Gibbs-Duhem and Henry's law
What happens when Raoult does not hold over the whole range? Recall that in a gas:
\[μ_j = μ_j^o + RT \ln \dfrac{P_j}{P^o} \label{B} \]
or
\[μ_j = μ_j^o + RT \ln P_j \nonumber \]
after dropping \(P^o=1\; bar\) out of the notation.
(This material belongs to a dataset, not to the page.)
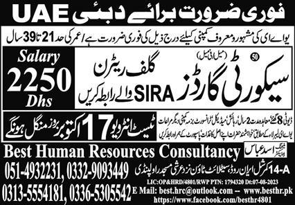 Best Human Resources Consultancy Dubai, abu dhabi Dubai invites applications from eligible candidates for the post of female security guard and security guard as per advertisement of October 17, 2023 published in daily Express Newspaper. Preferred Education is Intermediate and Matric etc.
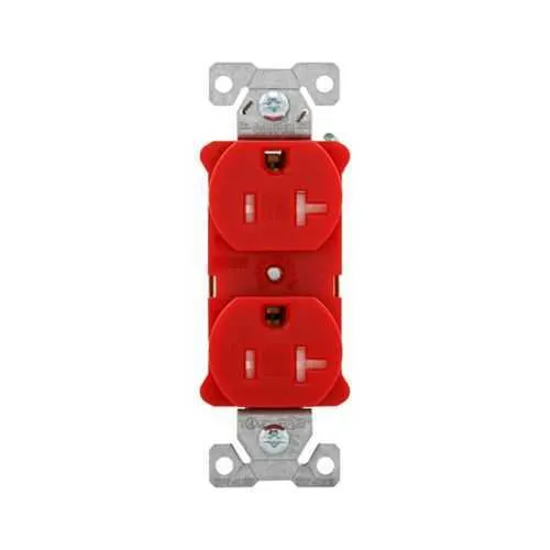 Designed for durability in daily use, the 20A 125V rating supports reliable operation under standard loads. The tamper-resistant feature reduces wear on the contacts during repeated plugging and unplugging, while the red color aids quick re-identification after maintenance. In facilities with high turnover, this receptacle minimizes downtime and reduces replacement parts.

Note that numerically this does not matter, since \(P_j\) is now assumed to be dimensionless.
Let's consider \(dμ_1\) at constant temperature:
\[dμ_1 = RT\left(\dfrac{\partial \ln P_1}{ \partial x_1}\right)dx_1 \nonumber \]
likewise:
\[dμ_2 = RT\left(\dfrac{\partial \ln P_2}{ \partial x_2}\right)dx_2 \nonumber \]
If we substitute into the Gibbs-Duhem expression we get:
\[x_1 \left(\dfrac{∂\ln P_1}{ ∂x_1}\right) dx_1+x_2 \left(\dfrac{∂\ln P_2}{∂x_2} \right) dx_2=0 \nonumber \]
Because \(dx_1= -dx_2\):
\[x_ 1 \left( \dfrac{∂\ln P_1}{ ∂x_1} \right) =x_2 \left( \dfrac{∂\ln P_2}{∂x_2} \right) \nonumber \]
(This is an alternative way of writing Gibbs-Duhem).
If in the limit for \(x_1 \rightarrow 1\) Raoult Law holds then
\[P_1 \rightarrow x_1P^*_1 \nonumber \]
Thus:
\[ \dfrac{∂ \ln P_1}{∂x_1} = \dfrac{1}{x_1} \nonumber \]
and
\[\dfrac{x_1}{x_1}=x_2 \dfrac{∂ \ln P_2}{∂x_2} \nonumber \]
\[1=x_2 \dfrac{∂ \ln P_2}{ ∂x_2} \nonumber \]
\[\dfrac{1}{x_2}= \dfrac{∂ \ln P_2}{∂x_2} \label{EqA12} \]
We can integrate Equation \(\ref{EqA12}\) to form a logarithmic impression, but it will have an integration constant:
\[\ln P_2 =\ln x_2 + constant \nonumber \]
This constant of integration can be folded into the logarithm as a multiplicative constant, \(K\)
\[\ln P_2 = \ln \left(K x_2 \right) \nonumber \]
So for \(x_1 \rightarrow 1\) (i.e., \(x_2 \rightarrow 0\)), we get that
\[P_2=K x_2 \nonumber \]
where \(K\) is some constant, but not necessarily \(P^*\). What this shows is that when one component follows Raoult the other must follow Henry and vice versa. (Note that the ideal case is a subset of this case, in that the value of \(K\) then becomes \(P^*\) and the linearity must hold over the whole range.)